[Data entries]
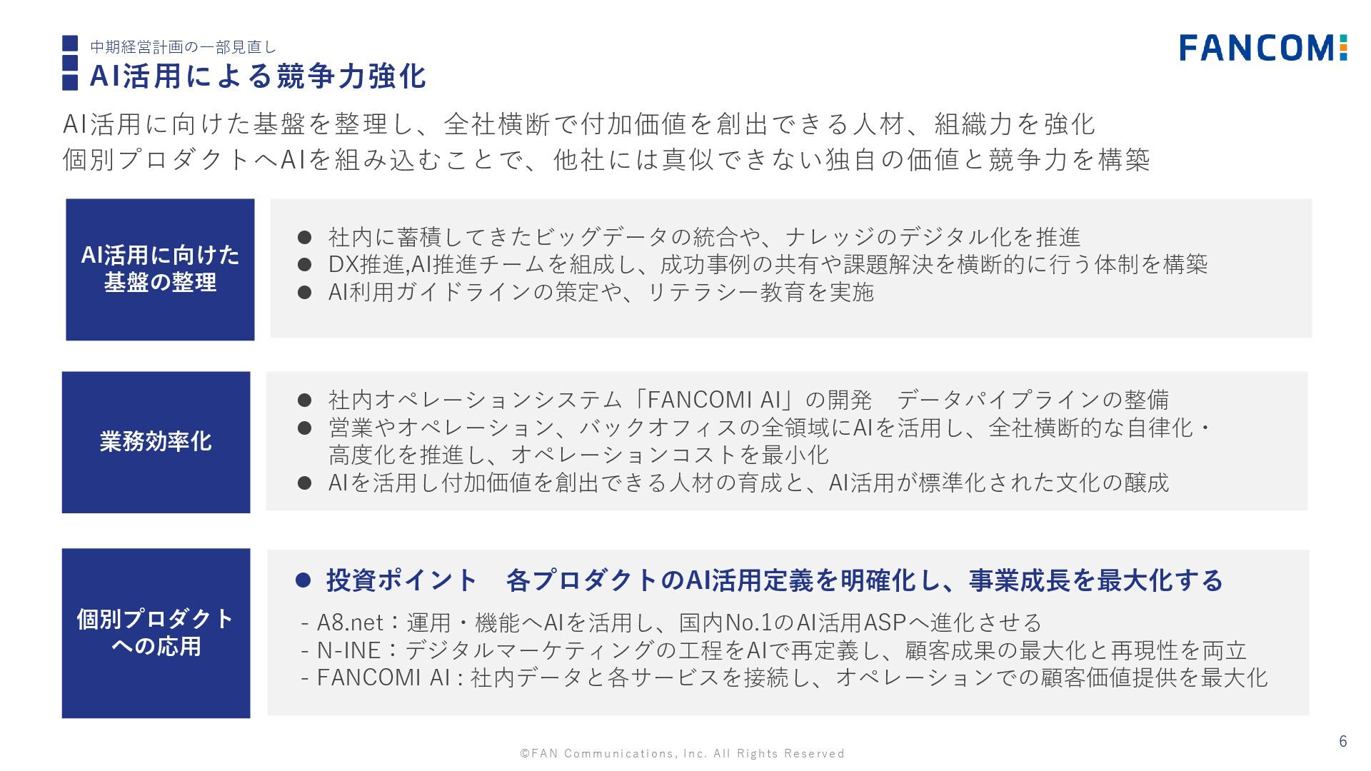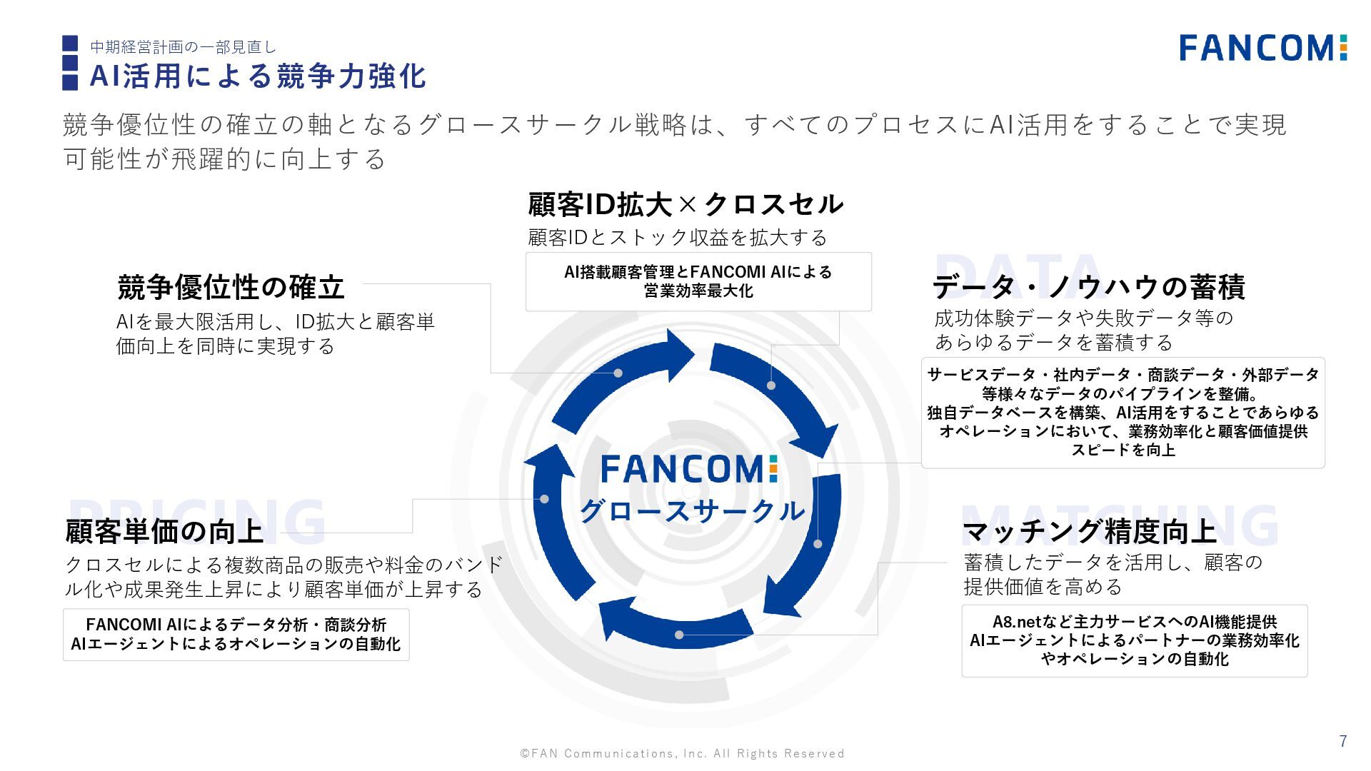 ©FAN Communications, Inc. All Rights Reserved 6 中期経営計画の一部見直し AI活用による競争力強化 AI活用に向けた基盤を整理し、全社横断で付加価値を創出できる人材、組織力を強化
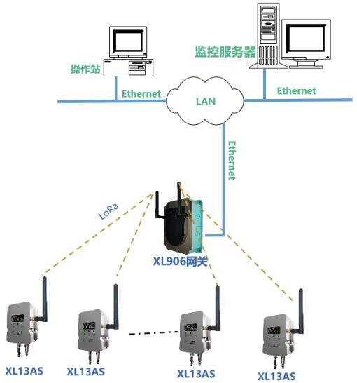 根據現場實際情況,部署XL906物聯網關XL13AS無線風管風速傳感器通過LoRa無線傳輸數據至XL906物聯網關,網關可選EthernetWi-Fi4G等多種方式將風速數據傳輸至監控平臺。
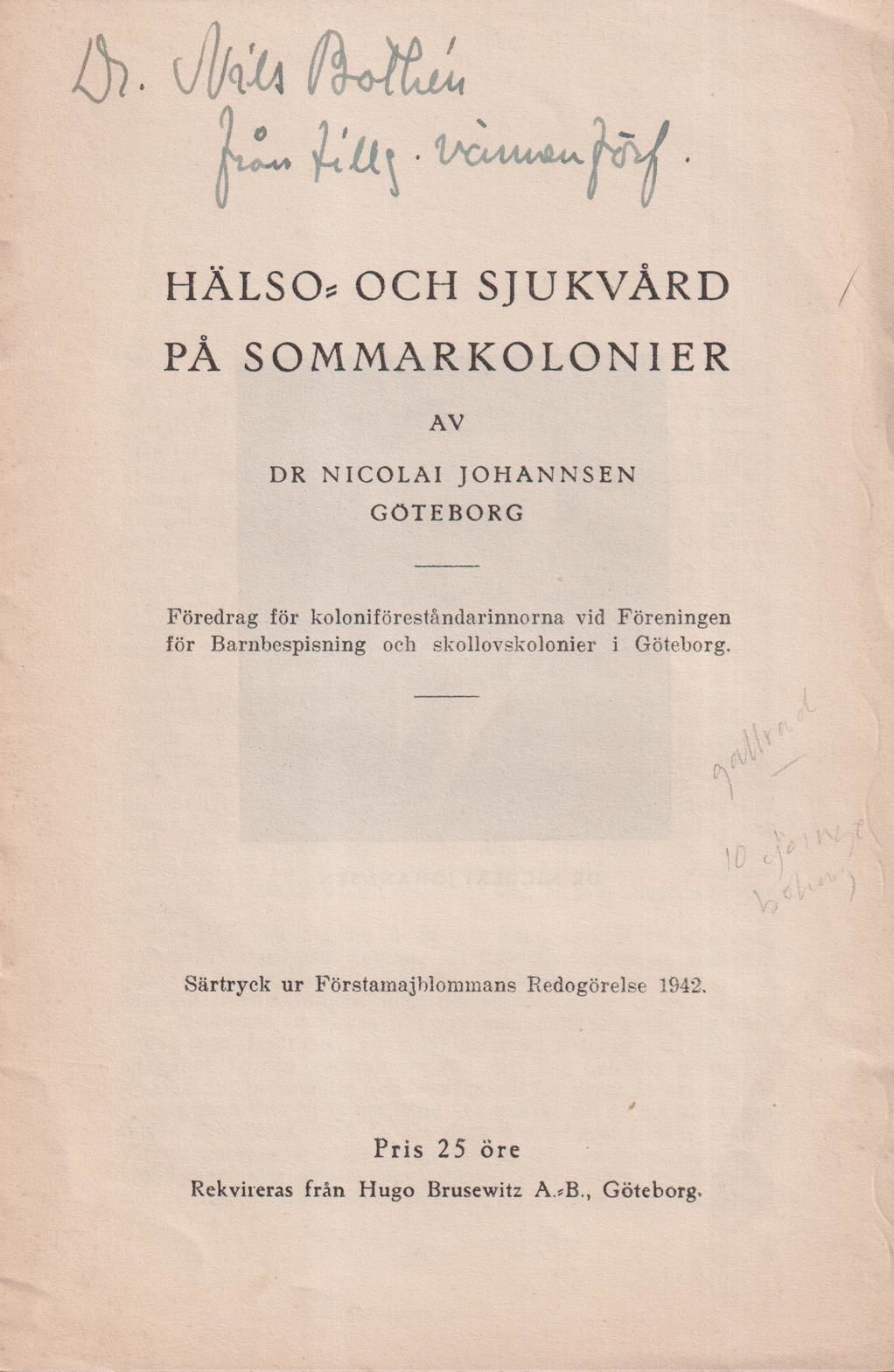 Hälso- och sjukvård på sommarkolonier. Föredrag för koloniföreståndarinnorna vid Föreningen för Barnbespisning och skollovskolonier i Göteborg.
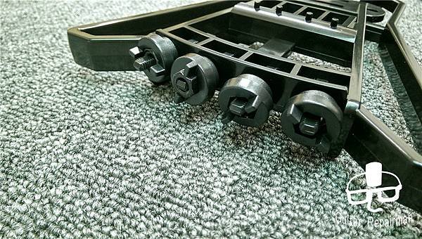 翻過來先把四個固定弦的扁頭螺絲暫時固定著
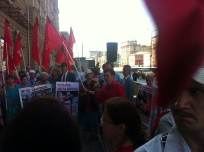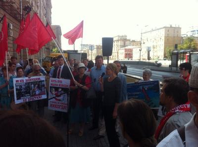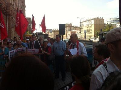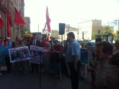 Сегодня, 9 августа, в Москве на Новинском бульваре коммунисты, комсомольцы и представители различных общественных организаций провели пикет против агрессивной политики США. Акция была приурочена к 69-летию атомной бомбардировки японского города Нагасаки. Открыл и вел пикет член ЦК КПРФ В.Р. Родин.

=== EXERCISE ===
Please output only the lines running from the one that holds "Hälso- och sjukvård" through the last line of the entries, both ends included, without any images.

=== ANSWER TO THE EXERCISE ===
 Hälso- och sjukvård på sommarkolonier. Föredrag för koloniföreståndarinnorna vid Föreningen för Barnbespisning och skollovskolonier i Göteborg.
 翻過來先把四個固定弦的扁頭螺絲暫時固定著
 Сегодня, 9 августа, в Москве на Новинском бульваре коммунисты, комсомольцы и представители различных общественных организаций провели пикет против агрессивной политики США. Акция была приурочена к 69-летию атомной бомбардировки японского города Нагасаки. Открыл и вел пикет член ЦК КПРФ В.Р. Родин.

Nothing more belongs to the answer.